The original Transformer model is made of both encoder and decoder, where each forms a separate stack. This architecture fits well with its primary application – machine translation. The authors of the 2017 paper showed that most competitive neural sequence transduction models have an encoder-decoder structure, where the encoder maps the input sequence of symbol representations to a sequence of continuous representations, after which the decoder stack generates an output sequence of symbols one element at a time. The model is autoregressive at each step, meaning it consumes the previously generated symbols as additional input when generating the next. Transformers, while following this overall architecture, use stacked self-attention and fully connected, point-wise layers for encoder and decoder.
The newly attention mechanism introduced in Transformer meant that a user no longer needs to encode the full source sentence into a fixed-length vector. Instead, the decoder ‘attends’ to different parts of the source sentence at each step of output generation. The model learns what to attend to based on the input sentence and what it has output so far.
Subsequently, researchers from Google Brain published a paper titled – Generating Wikipedia by Summarising Long Sequences. The study proposed another arrangement of transformer blocks for language modelling. This model omitted the encoder block. For this research, the team introduced a new decoder-only sequence transduction model for the abstractive stage. They demonstrated that the model is capable of handling very long input-output examples. This model outperformed traditional encoder-decoder architectures on long sequences, allowing the team to condition on many reference documents and generate coherent and informative Wikipedia articles.
What performs better
As discussed above, large pertained transformer language models exhibit zero-shot generalisation. However, the architectures and the pretraining objectives used across the different state of the art models differ significantly. In a paper titled ‘What Language Model Architecture and Pretraining Objective Work Best for Zero-Shot Generalization?’, the authors presented a large-scale evaluation of modelling choices and their impact on zero-shot generalisation. They focused on text-to-text models and experimented with three model architectures – causal decoder only, non-causal decoder only, and encoder-decoder model. These models were trained with two different pretraining objectives – autoregressive and masked language modelling and evaluated with and without multitasking prompted finetuning.

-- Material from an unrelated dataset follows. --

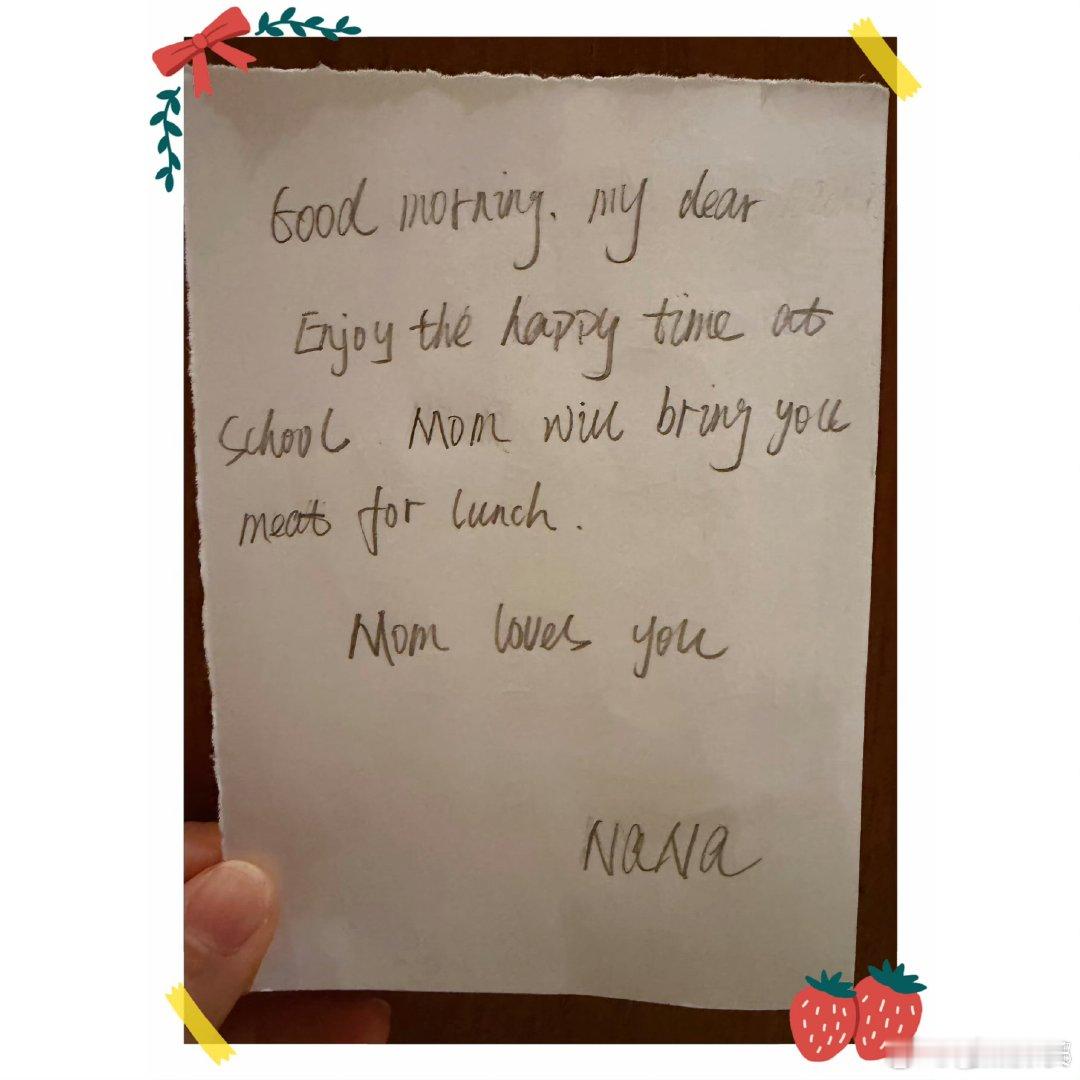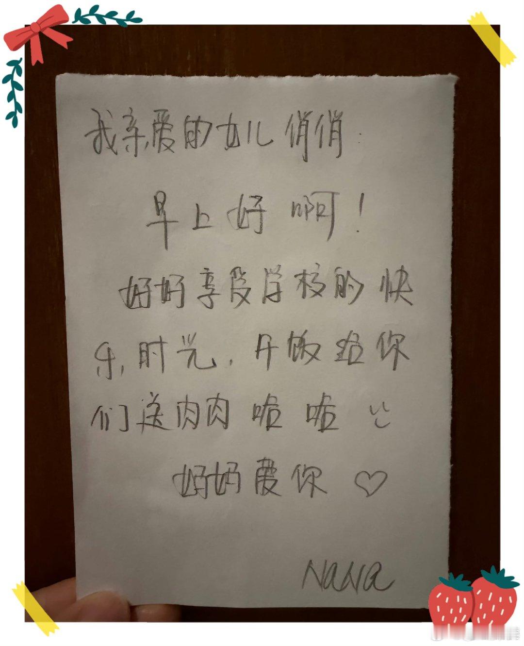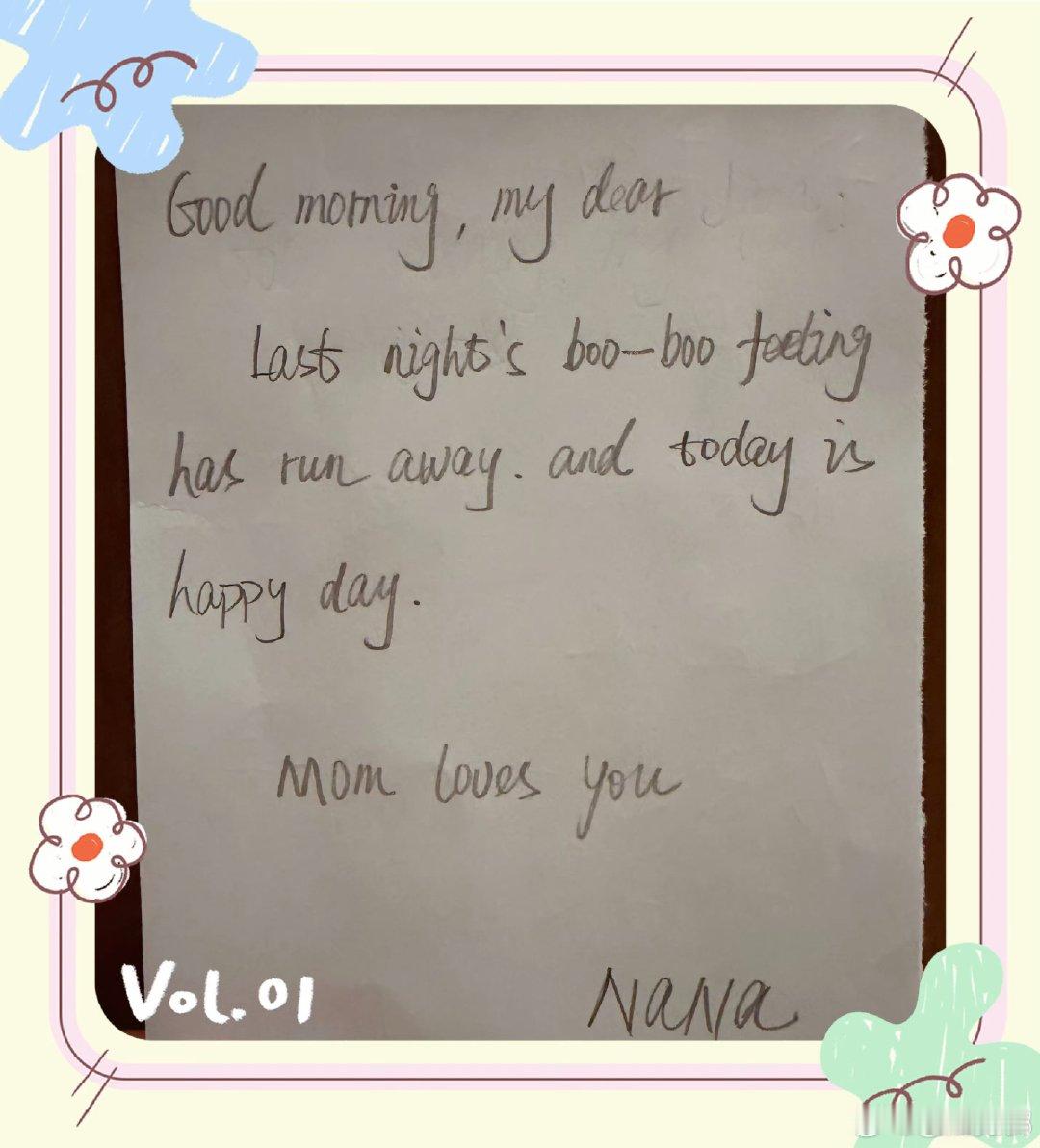 谢娜给跳跳俏俏写了早安小卡片谢娜睡前给跳跳俏俏写了卡片谢娜女儿喊姐妹来看戏精妈妈演戏太可爱了,谢娜哄完女儿还写双语卡片给女儿,跳跳俏俏每天醒来看到这样的早安卡,一天的心情都要起飞了吧~

Their experiment showed that causal decoder-only models that were trained on an autoregressive language modelling objective demonstrate the best zero-shot generalisation for purely unsupervised pretraining. They found that using autoregressive language modelling as a downstream task, a pretrained non-causal decoder model can be adapted to a performant generative causal decoder model. They also showed that the pretrained causal decoder model could be adapted to the non-causal decoder model.